= Kripa Shankar Shukla =

Historian of Indian mathematics (1918-2007)

Kripa Shankar Shukla (10 July 1918 - 22 September 2007) was a historian of Indian mathematics. He was awarded the DLitt degree by Lucknow University in 1955 for his thesis on “Astronomy in the Seventh Century India: Bhāskara I and His Works” which was completed under the guidance of A. N. Singh. He retired in 1979.

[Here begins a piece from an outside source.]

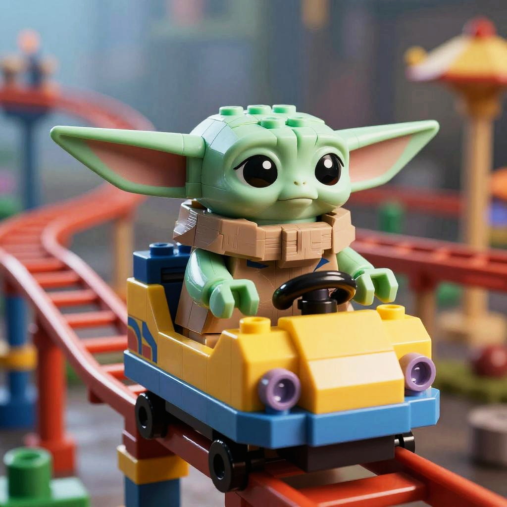 1Baby Yoda riding plastic Lego style riding colourful roller coaster together, cute, cinematic, colorful background, concept art, 8k, dramatic lighting, high detail, highly detailed, hyper realistic, intricate, intricate sharp details, octane render, smooth, studio lighting, trending on artstation., cinematic photorealistic, 8k uhd natural lighting, raw, rich, intricate details, key visual, atmospheric lighting, 35mm photograph, film, bokeh, professional, 4k

Shukla published several important source works in Indian mathematics and astronomy with translations, notes, explanations. He also authored a large number of research papers bringing out many previously unknown facts about the historical development of mathematics in India. He continued his active research even after retiring from his official position in Lucknow University. Shukla supervised the research work of several research scholars
including that of Yukio Ohashi (1955 - 2019) from Japan whose dissertation was titled "A History of Astronomical Instruments in India".

==Publications==

=== Source works brought out by K. S. Shula ===

The important source works brought out by Shukla include the following:

1. Sūrya-siddhānta with the commentary of Parameśvara (1957)
2. Pāṭīgaṇita of Śrīdharācārya (1959)
3. Mahābhāskarīya of Bhāskara I (1960)
4. Laghubhāskarīya of Bhāskara I (1963)
5. Dhīkoṭida-karaṇa of Śrīpati (1969)
6. Bījagaṇitāvataṃsa of Nārāyaṇa Paṇḍita (1970)
7. Āryabhaṭīya of Āryabhaṭa (1976)
8. Āryabhaṭīya of Āryabhaṭa with the commentary of Bhāskara I and Someśvara (1976)
9. Karaṇaratna of Devācārya (1979)
10. Vaṭeśvarasiddhānta and Gola of Vaṭeśvara (2 Vols) (1985–86)
11. Laghumānasa of Mañjula (1990)
12. Gaṇitapañcaviṃśī (published posthumously) (2017)

=== Research papers ===

Aditya Kolachana, K. Mahesh and K. Ramasubramanian have brought out a 754-page volume containing a collection of selected articles by Shukla under the title "Studies in Indian Mathematics and Astronomy" in 2019.

==Awards and accolades==

The awards and prizes conferred on Shukla include the following:

- Awarded Banerji Research Prize of University of Lucknow
- 1984: Elected Fellow of the National Academy of Sciences, India
- 1988: Selected as a Corresponding Member of the International Academy of the History of Science, Paris.